Overview of Cadmium Thyroid Disrupting Effects and Mechanisms

Affiliations
Review

Overview of Cadmium Thyroid Disrupting Effects and Mechanisms

Aleksandra Buha et al. Int J Mol Sci. .

Abstract

Humans are exposed to a significant number of chemicals that are suspected to produce disturbances in hormone homeostasis. Hence, in recent decades, there has been a growing interest in endocrine disruptive chemicals. One of the alleged thyroid disrupting substances is cadmium (Cd), a ubiquitous toxic metal shown to act as a thyroid disruptor and carcinogen in both animals and humans. Multiple PubMed searches with core keywords were performed to identify and evaluate appropriate studies which revealed literature suggesting evidence for the link between exposure to Cd and histological and metabolic changes in the thyroid gland. Furthermore, Cd influence on thyroid homeostasis at the peripheral level has also been hypothesized. Both in vivo and in vitro studies revealed that a Cd exposure at environmentally relevant concentrations results in biphasic Cd dose-thyroid response relationships.
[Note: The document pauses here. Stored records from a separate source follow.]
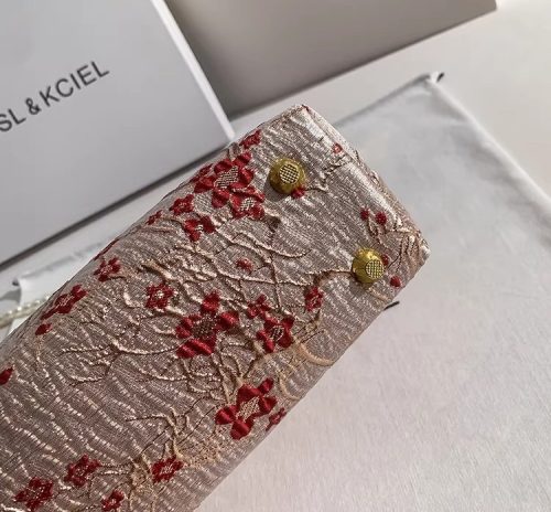 The quilted texture with red flower pearl detail adds a soft feminine touch while keeping the look premium and classy.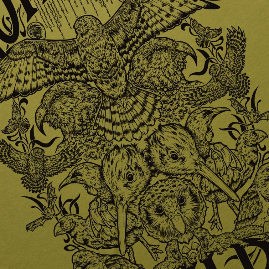 The design features Kākāpō, Kea, Kererū, Takahē, Ruru, Pīwakawaka, Tuatara, Geckos, Kahu, Kiwi, and Tūī...plus native flora and Art Nouveau-inspired detailing and hand lettering on your choice of black with metallic gold ink, or moss green with black ink.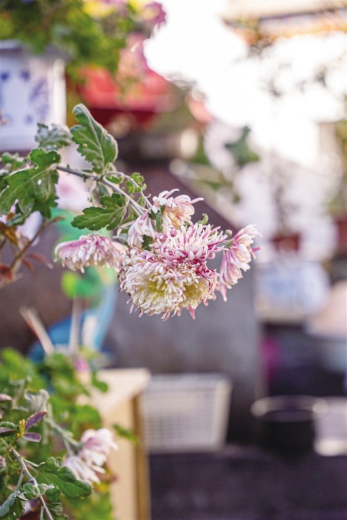 走進八廓街、穿過繁華的大昭寺廣場,沿著古巷小路便能來到貢桑孜大院。邁入大院,首先映入眼簾的是獨具韻味的傳統(tǒng)藏式建筑風格,白墻、紅頂、黑窗沿,陽光滲過在微風中飄動的“香布”,稀稀散散地落在精美的木雕窗花上,襯得陽臺木制立柱上的花紋分外醒目。各式花卉與居民生活用品一同擺放在四四方方的院落中,卻并不顯得擁擠,反而增添了一絲浪漫的煙火氣。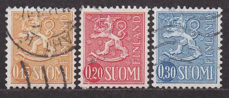 Finnland, Mi-Nr. 558 x I, 559 x I + 561 x I gest., Wappenlöwe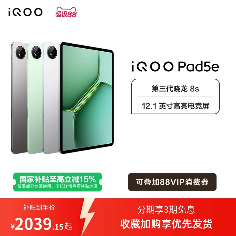 【直播间抢红包新品3期免息 】vivo iQOO Pad5e平板电脑第三代骁龙8s好物12.1英寸新品
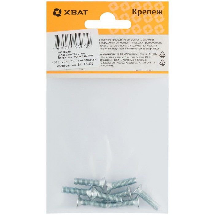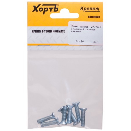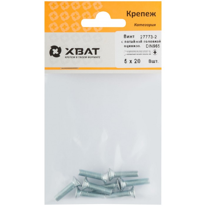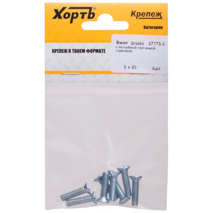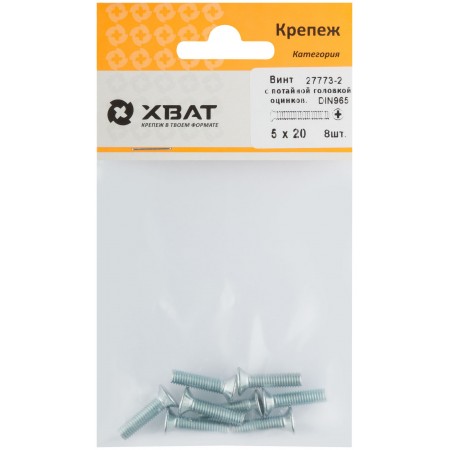 Винт с потайной головкой с полной резьбой оцинкованный DIN 965 5х20 8 шт.(фасовка) (27773-2)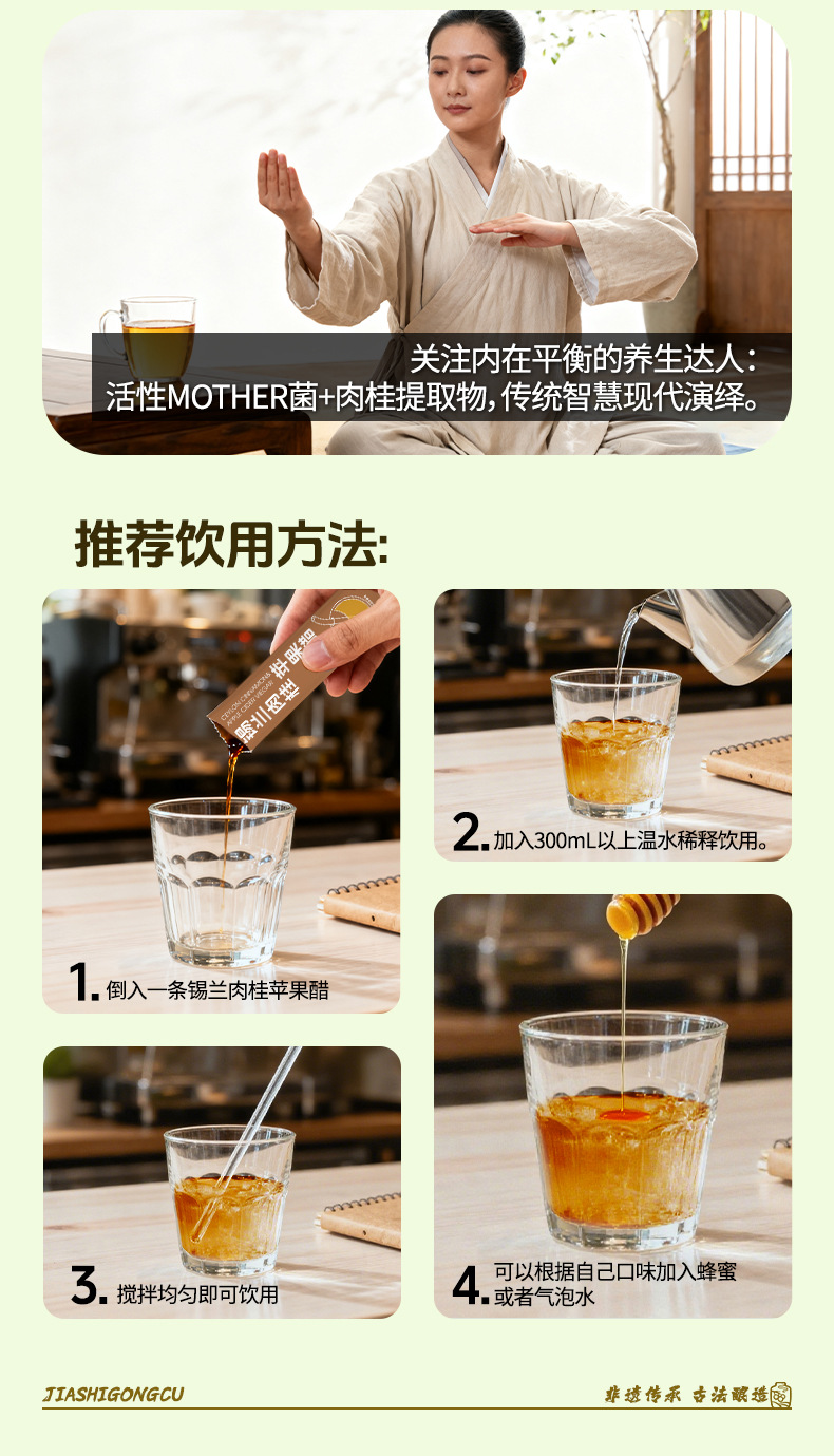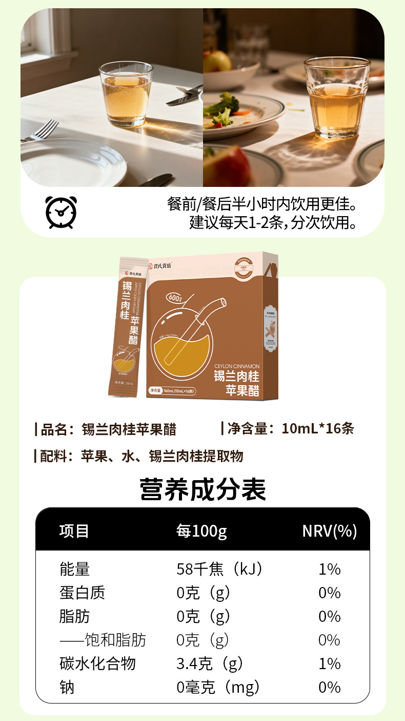 包装规格 锡兰肉桂原浆苹果醋10ml*16,富硒苹果醋15ml*25,玫瑰醋10ml*12,直饮原浆(薄荷风味)20mI*12,体验装10ml*3条

Development of thyroid tumors following exposure to Cd has been studied mainly using in vitro methodologies. In the thyroid, Cd has been shown to activate or stimulate the activity of various factors, leading to increased cell proliferation and a reduction in normal apoptotic activity. Evidence establishing the association between Cd and thyroid disruption remains ambiguous, with further studies needed to elucidate the issue and improve our understanding of Cd-mediated effects on the thyroid gland.

Keywords: cadmium; endocrine disruption; mechanisms; thyroid gland.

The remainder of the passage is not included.